Hidup orang yang di dalam Kristus adalah hidup yang sudah diubahkan, hidup yang memiliki
relasi dengan Allah. Hidup di dalam Kristus berarti menjadi keluarga Allah. Maka di sini perlu
ditekankan bahwa jika kita menjadi keluarga Allah artinya kita tidak sendiri, kita hidup
bersama-sama dengan orang lain. Maka inilah kesempatan kita untuk menunjukkan kepedulian
terhadap sesama kita. Dalam doa Bapa kami, mengapa bukan ‘Bapaku yang di surga’

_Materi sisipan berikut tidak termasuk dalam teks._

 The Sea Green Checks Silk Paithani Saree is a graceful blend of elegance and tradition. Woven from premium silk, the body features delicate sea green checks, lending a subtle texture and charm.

melainkan ‘Bapa kami’? ‘Bapa kami’ menunjukkan suatu keadaan bersama-sama dan bukan
hanya untuk diri kita sendiri.
Saat kita memperhatikan orang lain kita harus memiliki tujuan supaya orang lain itu memiliki
rasa kepedulian kepada orang lain lagi juga. Seringkali ketika kita peduli dengan orang lain, hal
ini semakin menyuburkan kedagingannya dan hanya membuat dia semakin memperhatikan
dirinya sendiri saja. Itulah sebabnya kita perlu mengerti kapan harus peduli kepada orang yang
benar-benar membutuhkan dan kapan tidak. Terkadang Tuhan mendidik kita untuk tidak egois
dengan seakan-akan membiarkan kita sendiri untuk membuat kita sadar dan berbalik dari
kesalahan kita. Tetapi dibalik didikan Tuhan yang keras, kita harus selalu memiliki pengharapan
bahwa Tuhan pasti memberikan yang terbaik.

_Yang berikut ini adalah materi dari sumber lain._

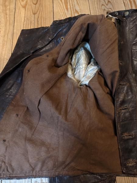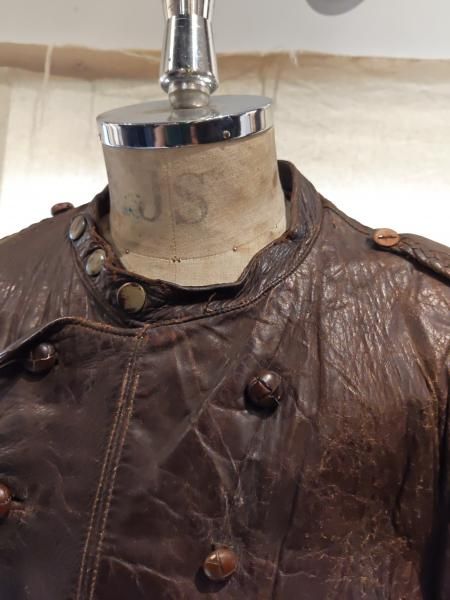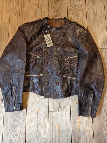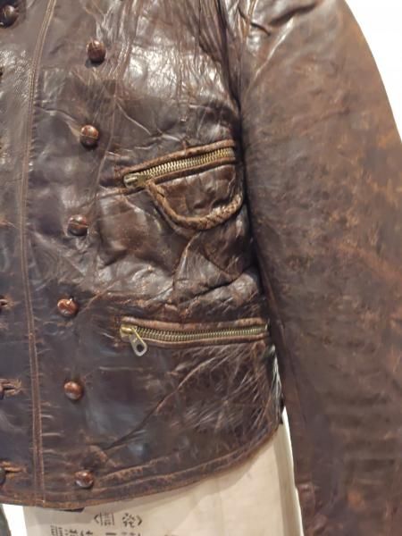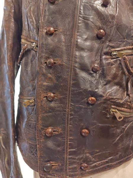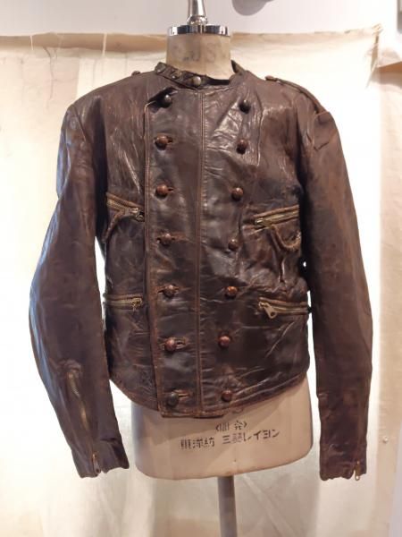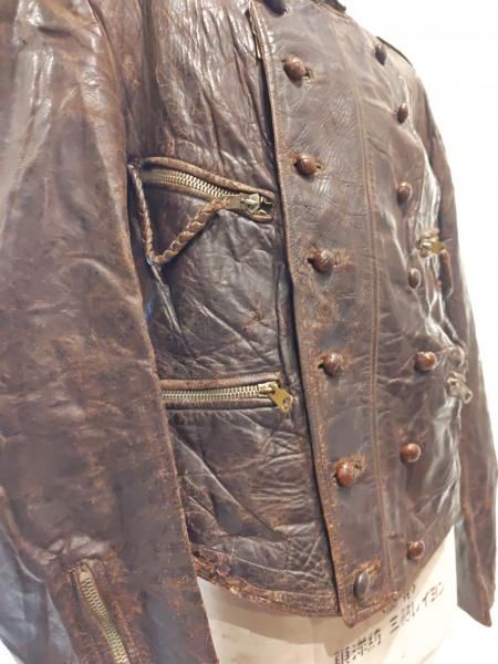 30~40年代ドイツ製のモーターサイクルレザージャケットです。 レザーの状態は、ステッチもしっかりとしています。 革スレは全体的にみられますが、大きなダメージはみられません。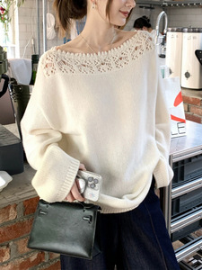 美利奴羊毛镂空花边一字领针织衫女秋长袖宽松慵懒上衣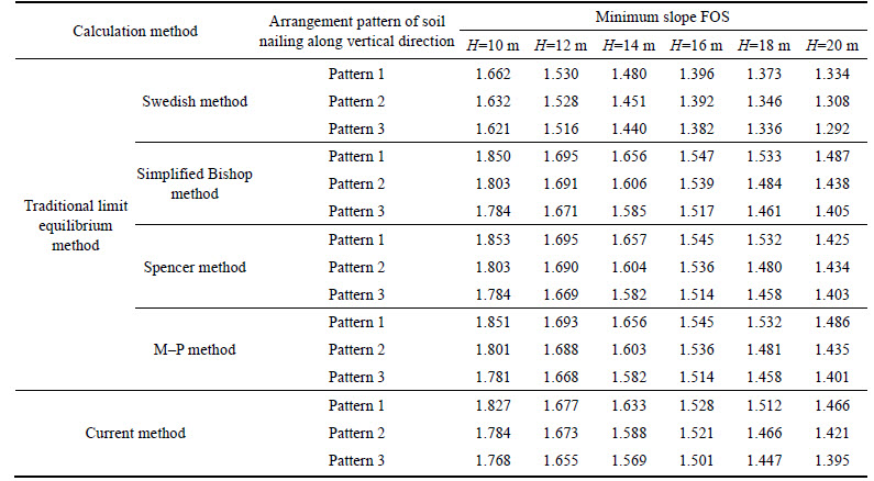 Example 2. In the slope shown in Fig. 3, the slope shape, soil parameters, and design parameters of soil nailing are the same as those in Example 1. Three patterns of arrangement of soil nails along the vertical direction are adopted as follows: 1) Pattern 1: the length of all the soil nails are 0.8H with spacing s in the vertical direction being 0.10H; 2) Pattern 2: the length of all the soil nails are 0.8H with spacing s in the vertical direction being 0.12H; 3) Pattern 3: the length of all the soil nails are 0.8H with spacing s in the vertical direction being 0.14H. In all the three patterns, the spacing of soil nails in the horizontal direction is unity. The vertical distance s0 can be determined using Eq. (2). For slope heights H of 10, 12, 14, 16, 18 and 20 m, respectively, the results obtained using the Swedish method, simplified Bishop method, Spencer method, M–P method, and the current method are listed in Table 4.

Inilah makna tujuan hidup, bahwa manusia hidup bukan untuk mementingkan diri sendiri tetapi
mementingkan kepentingan orang lain juga. Kita diajar untuk tidak tinggal di zona nyaman kita,
kita diajar untuk tidak menyuburkan manusia lama kita tetapi untuk makin memiliki kepedulian
kepada orang lain. Saat lahir ke dunia ini kita tidak tahu tujuan hidup kita untuk apa, tetapi
sesungguhnya kita datang ke dunia yang bukan milik kita tetapi ke dunia milik Bapa. Oleh
karena itu tujuan hidup kita pasti bukan demi diri sendiri tetapi demi kemuliaan Tuhan boleh
dinyatakan. Salah satunya adalah di saat kita belajar untuk mementingkan kepentingan orang
lain sehingga orang lain pun boleh memuliakan Tuhan.

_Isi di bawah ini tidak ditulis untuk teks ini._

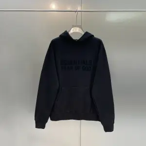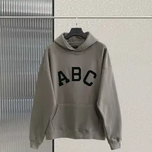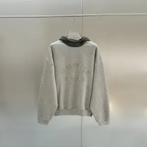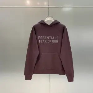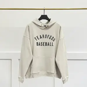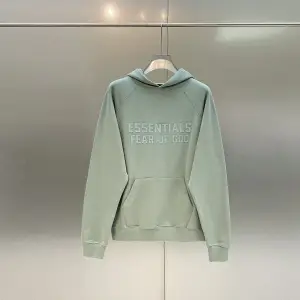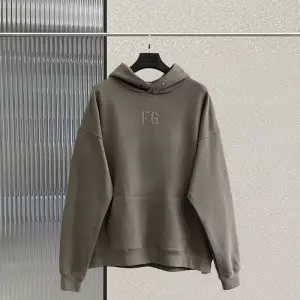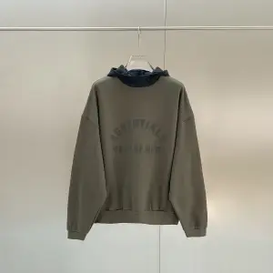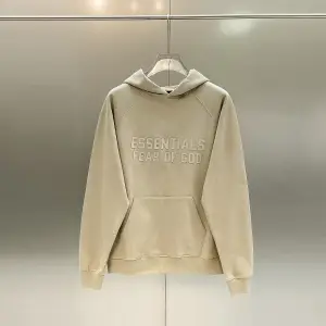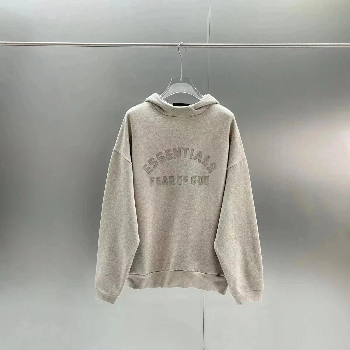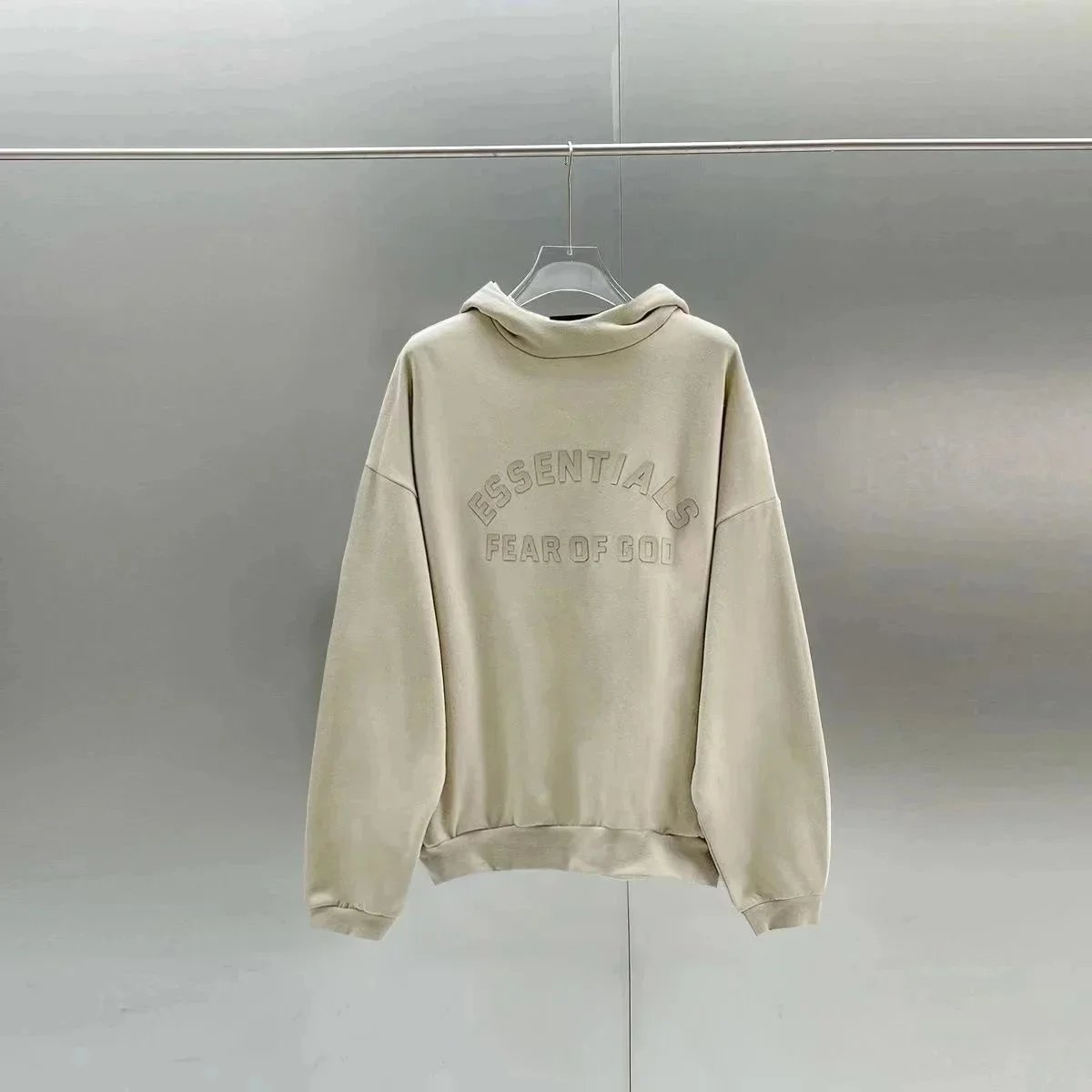 Beige Fear of God Essentials hoodie featuring an embossed arched logo on the back. Designed for relaxed comfort with a classic oversized silhouette.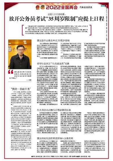 全国人大代表林勇:放开公务员考试“35周岁限制”应提上日程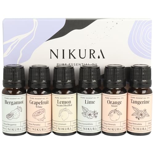 Nikura Citrus Essential Oil Gift Set - 6 x 10ml | Essential Oils for Diffusers for Home, Aromatherapy, Cleaning, Candle Making, Soap Making | Bergamot, Lemon, Lime, Sweet Orange | 100% Pure & Natural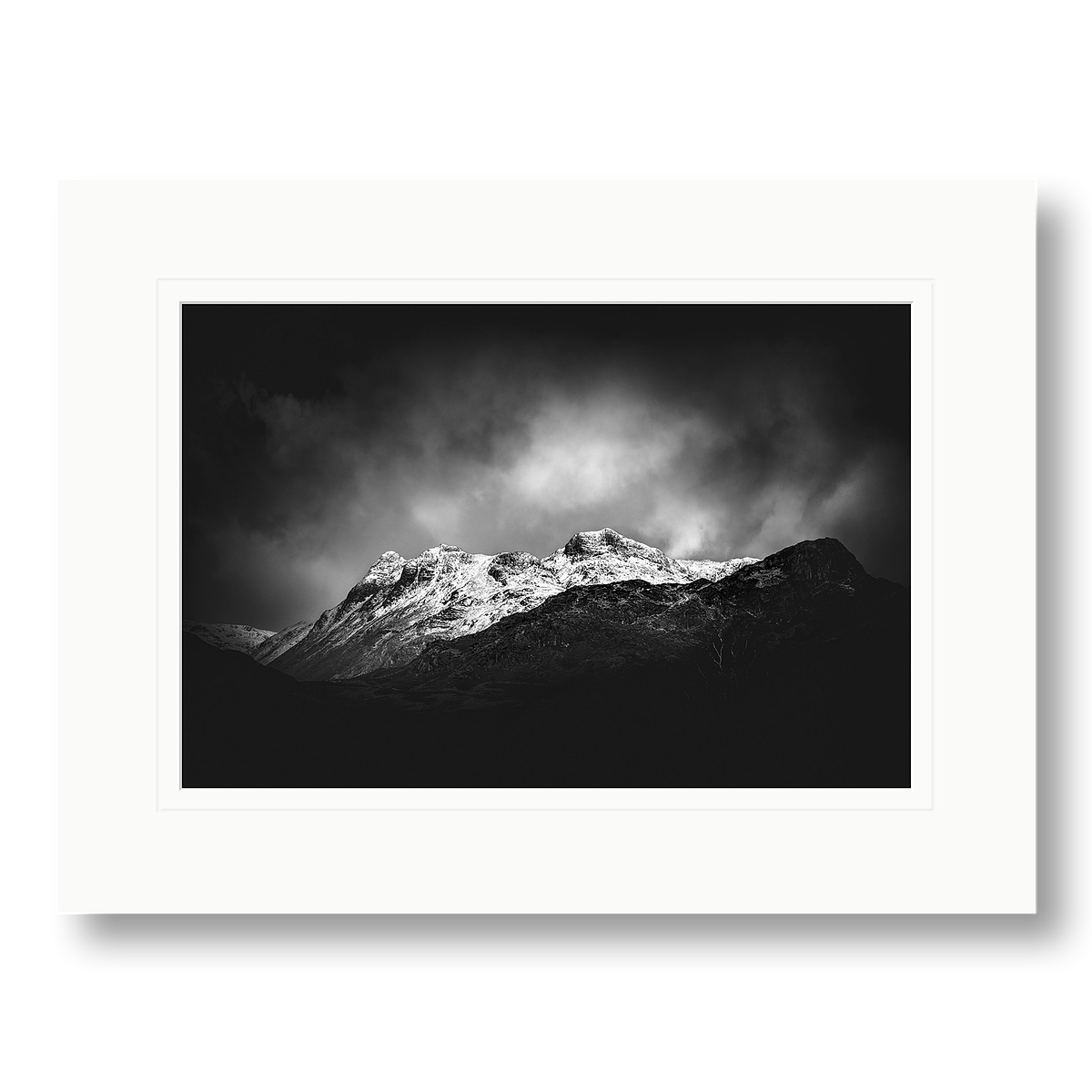 Exposing for the snow covered peaks allowed the foreground fells to fall into deep shadow, reducing the scene to a disciplined interplay of mass and tone. The resulting composition is stripped to its essentials: illuminated atmosphere, darkened land, and the quiet tension between them created other-worldly and almost supernatural contrast .

Anak Allah datang ke dunia bukan untuk bersenang-senang, mengumpulkan harta maupun
melakukan hal-hal yang dianggap menyenangkan. Tetapi anak Allah datang untuk berkorban,
meninggalkan kesetaraan-Nya dengan Bapa, bahkan sampai mati di kayu salib untuk menebus
manusia dari perbudakan dosa. Biarlah ini menjadi sebuah dorongan bagi kita untuk peduli
kepada orang lain untuk memberitakan kebenaran sekaligus mengikis keegoisan diri.